• [Activity]: Each of the lines below must be written out exactly as shown.

── Stored data

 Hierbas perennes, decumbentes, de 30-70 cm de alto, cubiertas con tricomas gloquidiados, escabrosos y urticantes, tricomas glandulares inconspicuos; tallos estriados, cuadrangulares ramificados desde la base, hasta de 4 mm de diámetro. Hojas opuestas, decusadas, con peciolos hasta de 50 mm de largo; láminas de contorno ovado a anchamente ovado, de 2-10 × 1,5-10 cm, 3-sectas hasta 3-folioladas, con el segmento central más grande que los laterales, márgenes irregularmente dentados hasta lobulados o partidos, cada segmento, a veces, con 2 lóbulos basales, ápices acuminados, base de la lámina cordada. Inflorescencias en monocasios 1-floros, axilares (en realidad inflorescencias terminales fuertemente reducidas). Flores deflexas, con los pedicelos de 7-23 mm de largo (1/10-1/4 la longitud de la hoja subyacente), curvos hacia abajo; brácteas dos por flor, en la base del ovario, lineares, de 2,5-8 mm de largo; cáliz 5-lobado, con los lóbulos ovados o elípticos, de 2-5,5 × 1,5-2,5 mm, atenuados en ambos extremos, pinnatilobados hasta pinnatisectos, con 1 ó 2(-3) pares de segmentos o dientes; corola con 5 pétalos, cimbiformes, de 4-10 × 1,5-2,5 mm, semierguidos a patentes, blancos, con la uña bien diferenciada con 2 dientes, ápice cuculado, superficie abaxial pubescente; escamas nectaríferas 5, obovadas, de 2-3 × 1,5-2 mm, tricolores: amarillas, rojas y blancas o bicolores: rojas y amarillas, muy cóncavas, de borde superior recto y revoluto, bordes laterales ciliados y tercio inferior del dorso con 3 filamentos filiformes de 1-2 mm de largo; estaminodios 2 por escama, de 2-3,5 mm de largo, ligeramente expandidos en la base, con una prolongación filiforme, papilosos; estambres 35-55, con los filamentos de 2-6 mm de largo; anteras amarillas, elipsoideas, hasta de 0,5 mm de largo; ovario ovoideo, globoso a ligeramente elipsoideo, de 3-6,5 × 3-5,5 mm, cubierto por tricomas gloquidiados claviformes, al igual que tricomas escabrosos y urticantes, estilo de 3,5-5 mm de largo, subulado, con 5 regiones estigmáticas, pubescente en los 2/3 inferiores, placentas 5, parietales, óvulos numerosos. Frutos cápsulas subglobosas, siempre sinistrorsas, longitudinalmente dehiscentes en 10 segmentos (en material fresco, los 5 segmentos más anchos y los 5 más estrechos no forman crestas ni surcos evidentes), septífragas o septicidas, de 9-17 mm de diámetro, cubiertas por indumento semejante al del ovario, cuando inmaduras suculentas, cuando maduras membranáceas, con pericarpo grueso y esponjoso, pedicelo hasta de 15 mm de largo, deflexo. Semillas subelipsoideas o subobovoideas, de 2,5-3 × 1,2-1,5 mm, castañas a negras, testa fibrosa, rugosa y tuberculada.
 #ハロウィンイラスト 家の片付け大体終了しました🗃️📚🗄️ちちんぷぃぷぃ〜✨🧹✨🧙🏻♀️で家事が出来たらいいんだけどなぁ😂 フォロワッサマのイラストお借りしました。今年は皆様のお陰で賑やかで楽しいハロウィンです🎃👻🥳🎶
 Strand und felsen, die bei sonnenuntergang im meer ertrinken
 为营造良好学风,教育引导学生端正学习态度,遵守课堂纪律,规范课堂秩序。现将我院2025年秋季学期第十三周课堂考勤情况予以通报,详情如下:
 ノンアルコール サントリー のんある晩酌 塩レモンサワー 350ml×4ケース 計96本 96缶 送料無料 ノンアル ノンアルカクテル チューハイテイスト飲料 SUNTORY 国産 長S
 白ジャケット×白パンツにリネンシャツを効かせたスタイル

────

• [Finished exercise]:
 Hierbas perennes, decumbentes, de 30-70 cm de alto, cubiertas con tricomas gloquidiados, escabrosos y urticantes, tricomas glandulares inconspicuos; tallos estriados, cuadrangulares ramificados desde la base, hasta de 4 mm de diámetro. Hojas opuestas, decusadas, con peciolos hasta de 50 mm de largo; láminas de contorno ovado a anchamente ovado, de 2-10 × 1,5-10 cm, 3-sectas hasta 3-folioladas, con el segmento central más grande que los laterales, márgenes irregularmente dentados hasta lobulados o partidos, cada segmento, a veces, con 2 lóbulos basales, ápices acuminados, base de la lámina cordada. Inflorescencias en monocasios 1-floros, axilares (en realidad inflorescencias terminales fuertemente reducidas). Flores deflexas, con los pedicelos de 7-23 mm de largo (1/10-1/4 la longitud de la hoja subyacente), curvos hacia abajo; brácteas dos por flor, en la base del ovario, lineares, de 2,5-8 mm de largo; cáliz 5-lobado, con los lóbulos ovados o elípticos, de 2-5,5 × 1,5-2,5 mm, atenuados en ambos extremos, pinnatilobados hasta pinnatisectos, con 1 ó 2(-3) pares de segmentos o dientes; corola con 5 pétalos, cimbiformes, de 4-10 × 1,5-2,5 mm, semierguidos a patentes, blancos, con la uña bien diferenciada con 2 dientes, ápice cuculado, superficie abaxial pubescente; escamas nectaríferas 5, obovadas, de 2-3 × 1,5-2 mm, tricolores: amarillas, rojas y blancas o bicolores: rojas y amarillas, muy cóncavas, de borde superior recto y revoluto, bordes laterales ciliados y tercio inferior del dorso con 3 filamentos filiformes de 1-2 mm de largo; estaminodios 2 por escama, de 2-3,5 mm de largo, ligeramente expandidos en la base, con una prolongación filiforme, papilosos; estambres 35-55, con los filamentos de 2-6 mm de largo; anteras amarillas, elipsoideas, hasta de 0,5 mm de largo; ovario ovoideo, globoso a ligeramente elipsoideo, de 3-6,5 × 3-5,5 mm, cubierto por tricomas gloquidiados claviformes, al igual que tricomas escabrosos y urticantes, estilo de 3,5-5 mm de largo, subulado, con 5 regiones estigmáticas, pubescente en los 2/3 inferiores, placentas 5, parietales, óvulos numerosos. Frutos cápsulas subglobosas, siempre sinistrorsas, longitudinalmente dehiscentes en 10 segmentos (en material fresco, los 5 segmentos más anchos y los 5 más estrechos no forman crestas ni surcos evidentes), septífragas o septicidas, de 9-17 mm de diámetro, cubiertas por indumento semejante al del ovario, cuando inmaduras suculentas, cuando maduras membranáceas, con pericarpo grueso y esponjoso, pedicelo hasta de 15 mm de largo, deflexo. Semillas subelipsoideas o subobovoideas, de 2,5-3 × 1,2-1,5 mm, castañas a negras, testa fibrosa, rugosa y tuberculada.
 #ハロウィンイラスト 家の片付け大体終了しました🗃️📚🗄️ちちんぷぃぷぃ〜✨🧹✨🧙🏻♀️で家事が出来たらいいんだけどなぁ😂 フォロワッサマのイラストお借りしました。今年は皆様のお陰で賑やかで楽しいハロウィンです🎃👻🥳🎶
 Strand und felsen, die bei sonnenuntergang im meer ertrinken
 为营造良好学风,教育引导学生端正学习态度,遵守课堂纪律,规范课堂秩序。现将我院2025年秋季学期第十三周课堂考勤情况予以通报,详情如下:
 ノンアルコール サントリー のんある晩酌 塩レモンサワー 350ml×4ケース 計96本 96缶 送料無料 ノンアル ノンアルカクテル チューハイテイスト飲料 SUNTORY 国産 長S
 白ジャケット×白パンツにリネンシャツを効かせたスタイル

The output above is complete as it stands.